Tanya Dubnicoff

Personal information
- Born: November 7, 1969 (age 56) Winnipeg, Manitoba, Canada
- Height: 170 cm (5 ft 7 in)

Team information
- Discipline: Track
- Role: Rider
- Rider type: Sprinter

Medal record
Women's track cycling
Representing Canada
UCI Track World Championships
| Gold medal – first place | 1993 Hamar | Sprint |
| Silver medal – second place | 1998 Bordeaux | 500 m time trial |
| Bronze medal – third place | 1998 Bordeaux | Sprint |
| Bronze medal – third place | 1999 Berlin | Sprint |
Pan American Games
| Gold medal – first place | 1991 Havana | Sprint |
| Gold medal – first place | 1995 Mar del Plata | Sprint |
| Gold medal – first place | 1999 Winnipeg | Sprint |
| Gold medal – first place | 1999 Winnipeg | 500 m time trial |

= Tanya Dubnicoff =

Canadian cyclist

Tanya Dubnicoff (born November 7, 1969, in Winnipeg, Manitoba) is a Canadian cycling coach and retired track cyclist. She won four gold medals at the Pan American Games in addition to winning the world sprint championships in 1993. She represented Canada at three consecutive Summer Olympics: 1992 in Barcelona, 1996 in Atlanta and 2000 in Sydney. Dubnicoff retired in 2000.

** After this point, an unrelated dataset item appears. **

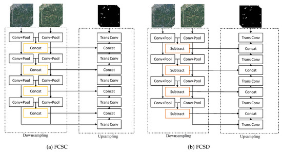 - Differences between FCDD and FCGD. As two types of Siamese neural network, FCDD and FCGD have obvious differences in the theoretical method and experiment results. In the theoretical method, FCDD has a concatenation weight sharing mode in the top layer of downsampling process, while the other layers are made by subtract weight sharing mode. In the downsampling process of FCGD, the top layer is a subtract weight sharing mode, and the other layers are a concatenate weight sharing mode. In the experiment results, FCDD has better capability of noise eliminating than FCGD, such as shrub wither and grass wilt. The subtract weight sharing mode in the more subtle convolutional layers gives FCDD better forest cover change detection ability. As the break-even point of precision and recall, F-measure shows the quantitative performance measure of predict results. FCDD has the best F-measure score in forest decrease and increase extraction experiments, following by FCSC and FCGD. This difference approves that given the same forest change image, FCDD has better ability in predicting forest cover change than FCGD.
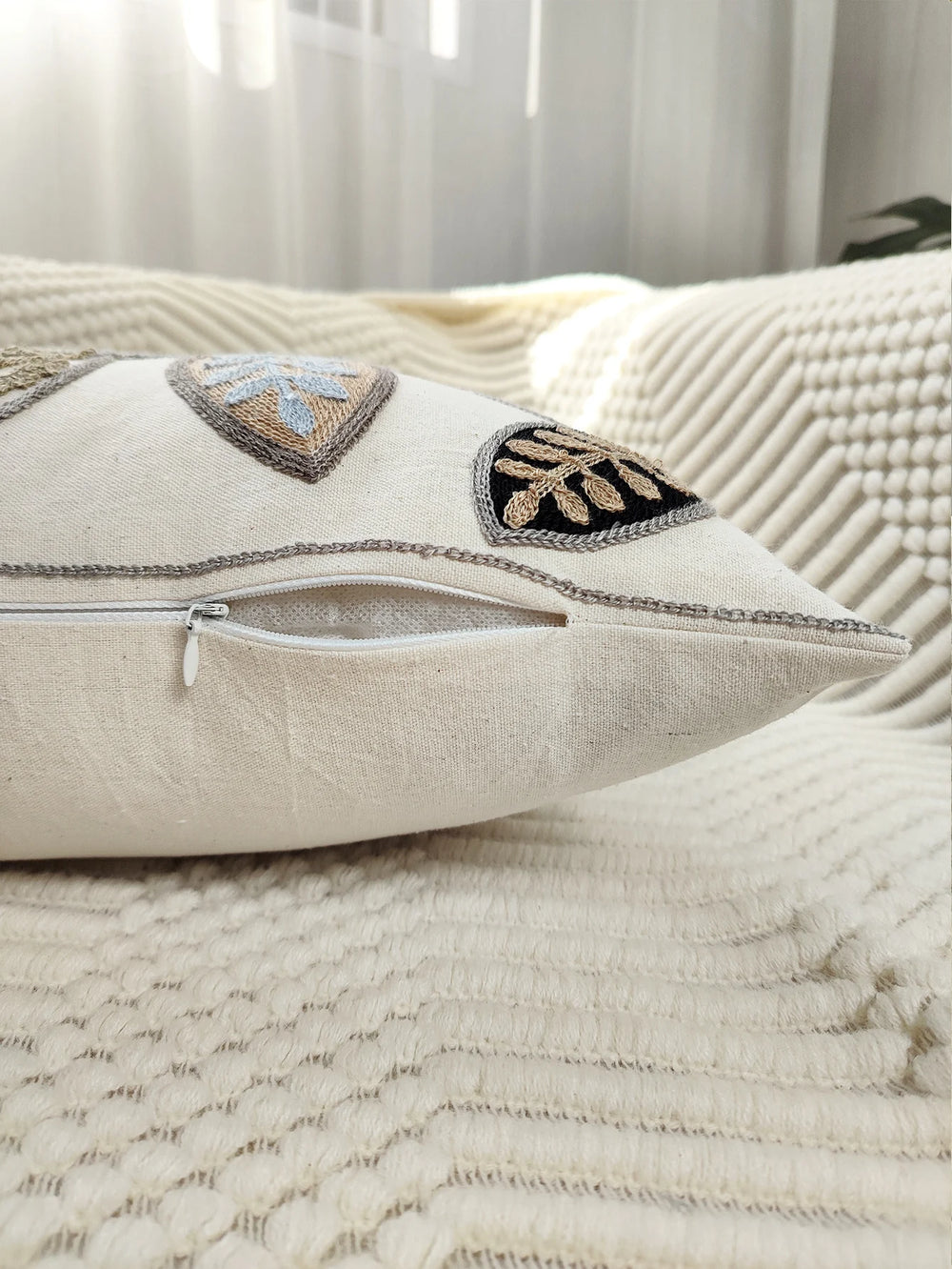 Präsentieren Sie einen stilvollen Kissenbezug, der Ihr Wohnzimmerdekor mit eleganter Blattstickerei auf langlebigem Canvas-Gewebe aufwertet.

She was inducted into the Manitoba Sports Hall of Fame and Museum in 2002. Dubnicoff was inducted into Cycling Canada's Hall of Fame in 2015.

==Coaching==

Dubnicoff was named as Cycling Canada's Advancement Camp Coach based out of Calgary to start January 1, 2022. Previously, Dubnicoff was a National Team head coach with Cycling Canada from 2011 to 2013, helping Canada to a bronze medal in Women's Team Pursuit at the 2012 Summer Olympics in London.